This one headlines a story from BuzzFeed, from Andrew Bosworth, a Facebook vice president writing on June 18, 2016:

So we connect more people. 

That can be bad if they make it negative. Maybe it costs a life by exposing someone to bullies. Maybe someone dies in a terrorist attack coordinated on our tools.

And still we connect people.

The ugly truth is that we believe in connecting people so deeply that anything that allows us to connect more people more often is *de facto* good. It is perhaps the only area where the metrics do tell the true story as far as we are concerned.

The memo was apparently titled “The Ugly.”

What happened to the Good and the Bad preceding the Ugly?

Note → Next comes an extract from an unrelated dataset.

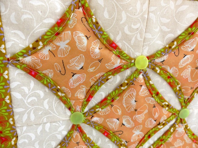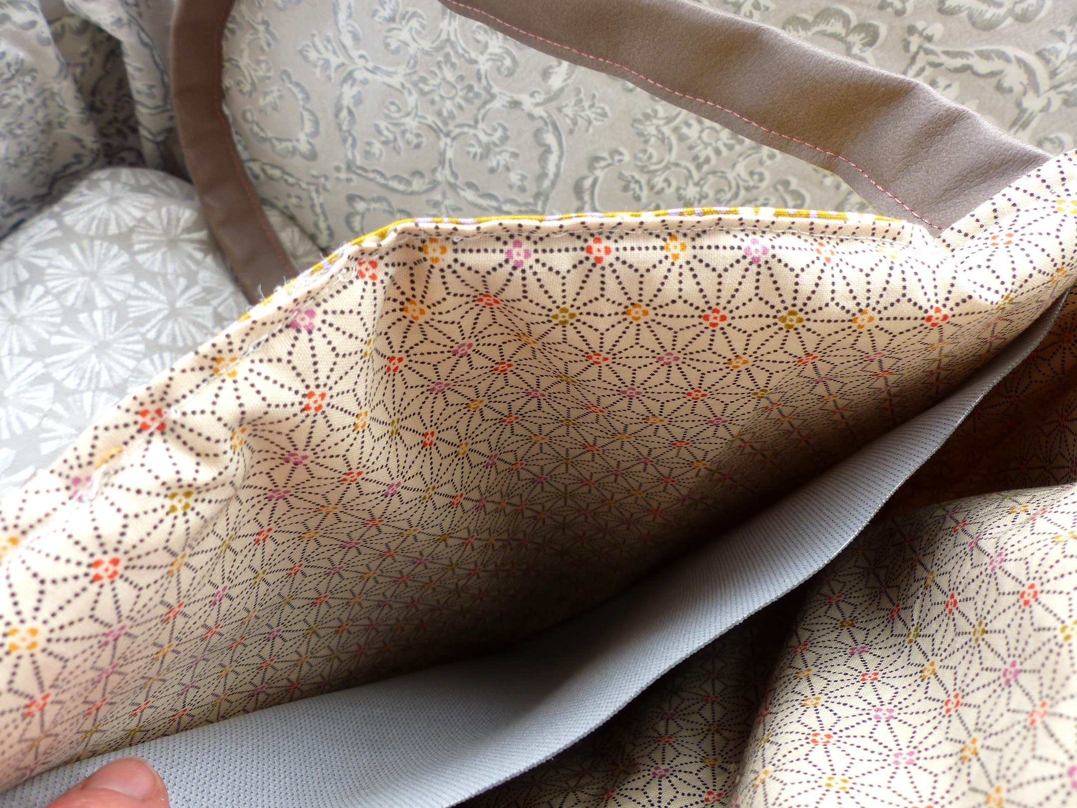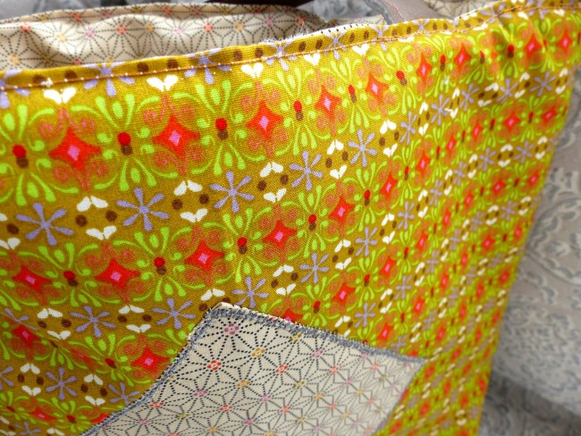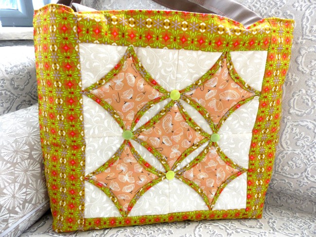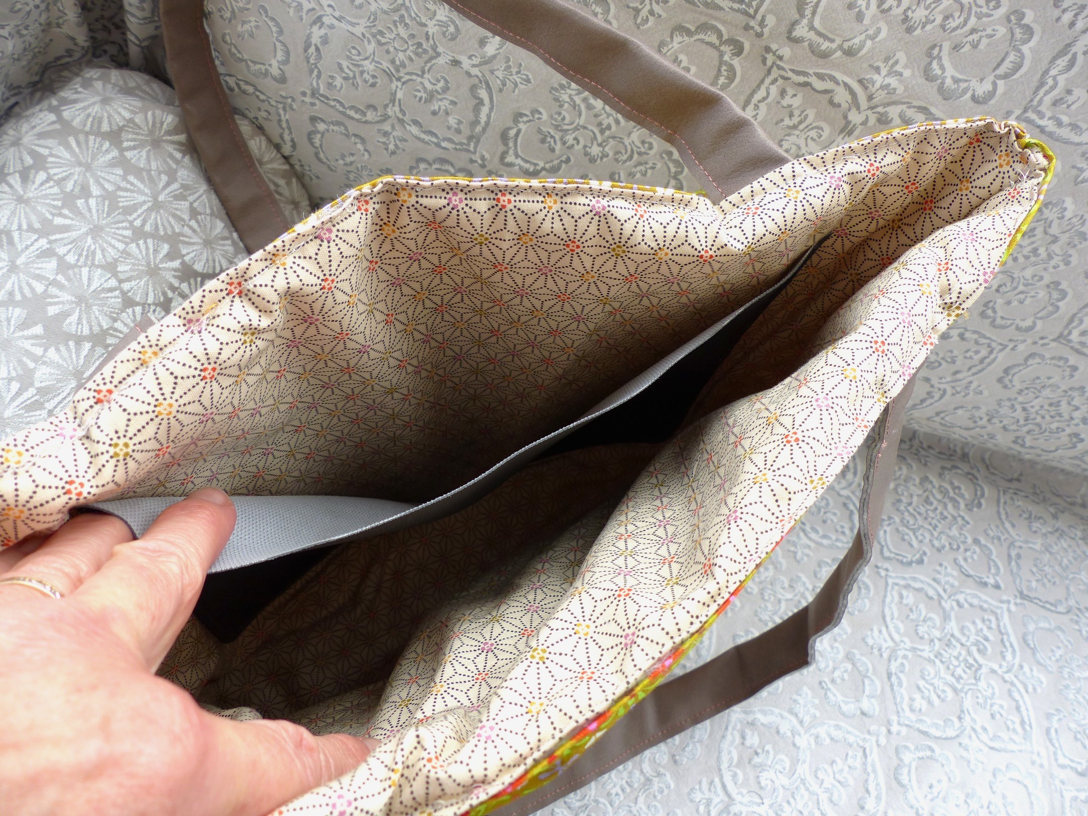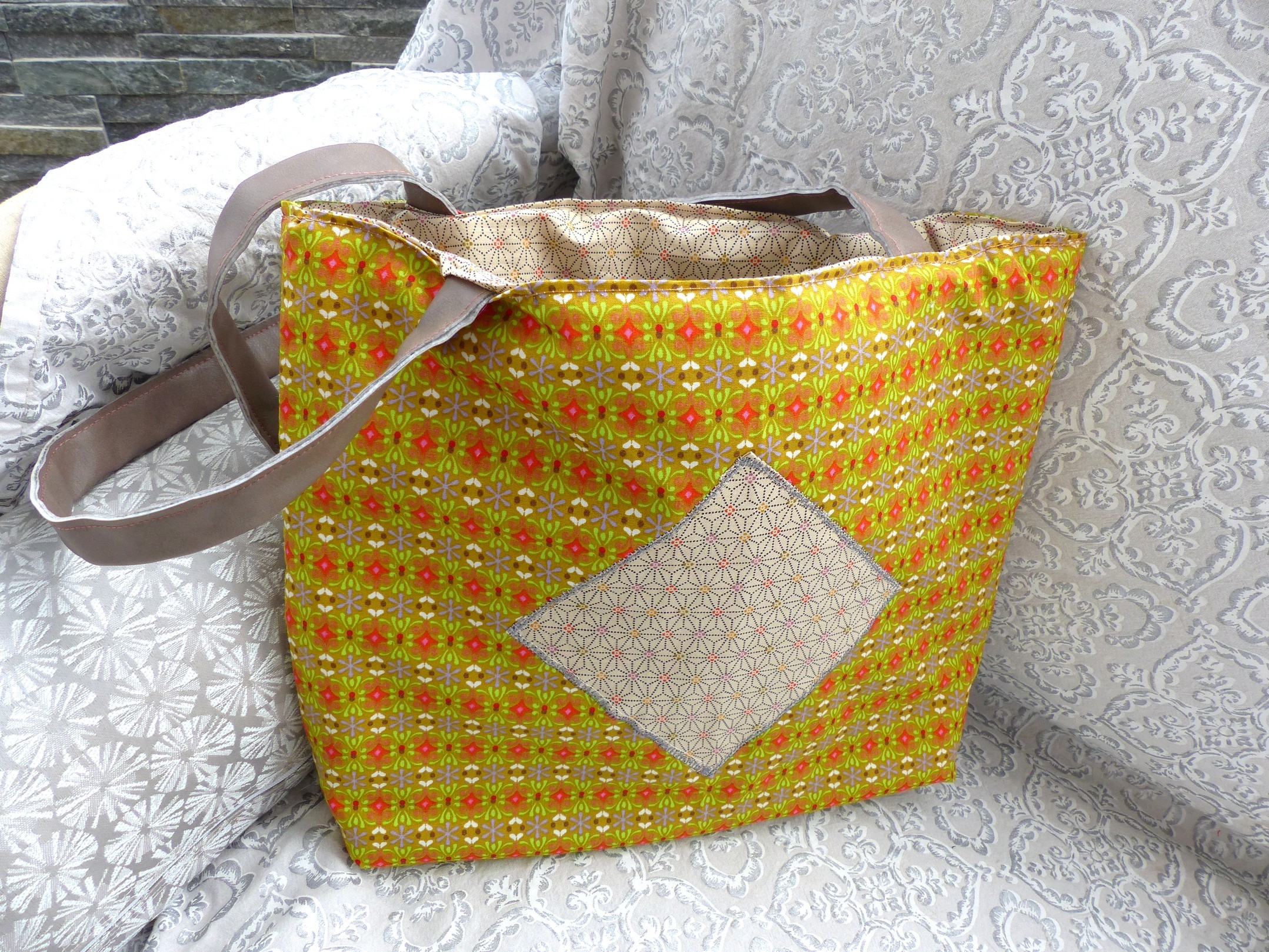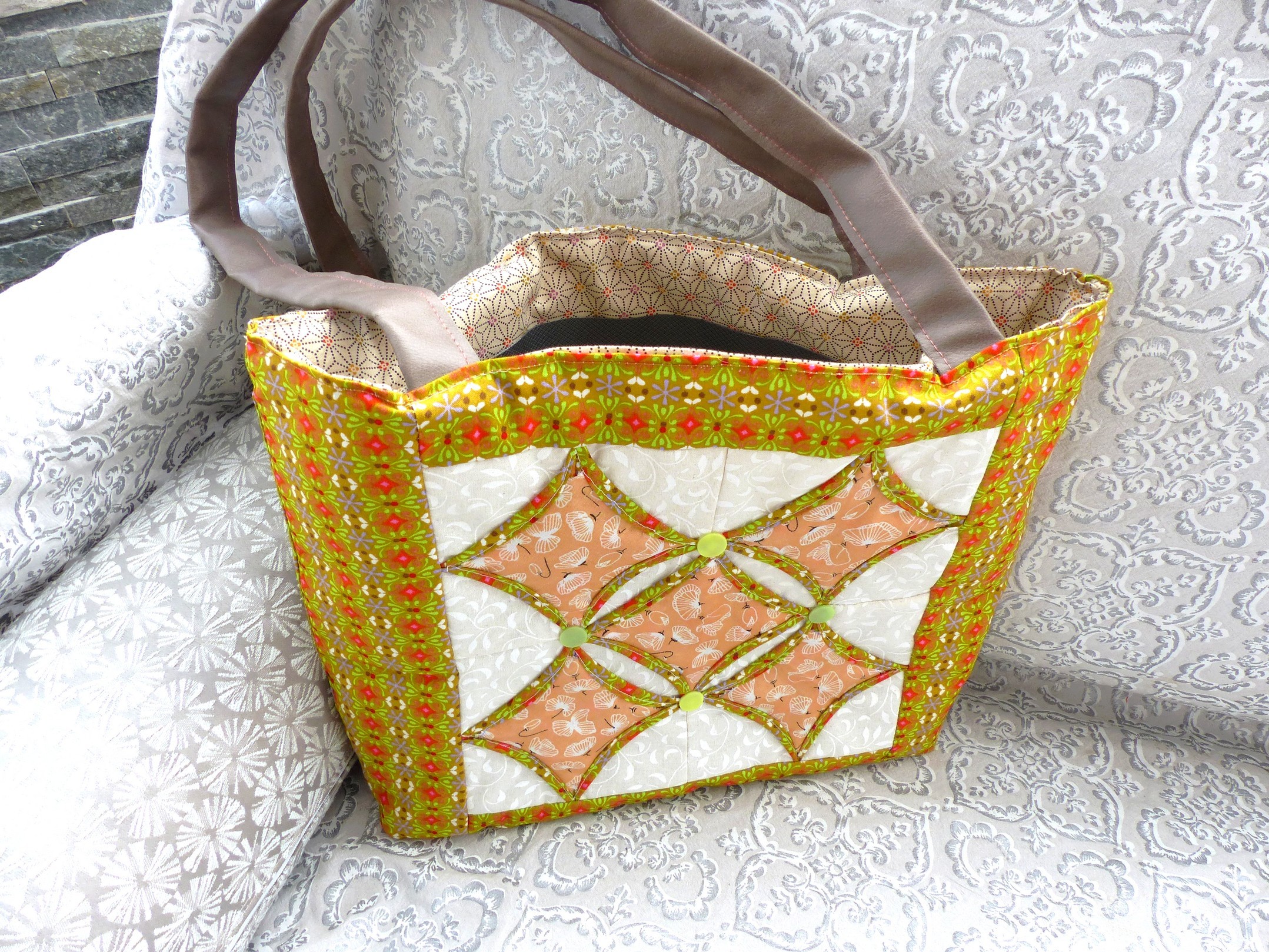 Sac Cabas "effet cathédrale" réalisé main avec ce bel effet de couture dans les tons de vert et orange. Une pochette intérieure principale avec une autre séparation sobre pour séparation.

BuzzFeed’s team suggests this memo “reveals the extent to which Facebook’s leadership understood the physical and social risks the platform’s products carried — even as the company downplayed those risks in public.”

And they point out Bosworth was no newbie — he’d been with the company since 2006, working on everything from the introduction of the News Feed (which many people forget instigated its own privacy outcry) to Facebook’s anti-abuse system and AR/VR efforts.

Mark Zuckerberg apparently didn’t respond at the time, but did respond to BuzzFeed after publication of their story:

Boz is a talented leader who says many provocative things. This was one that most people at Facebook including myself disagreed with strongly. We’ve never believed the ends justify the means.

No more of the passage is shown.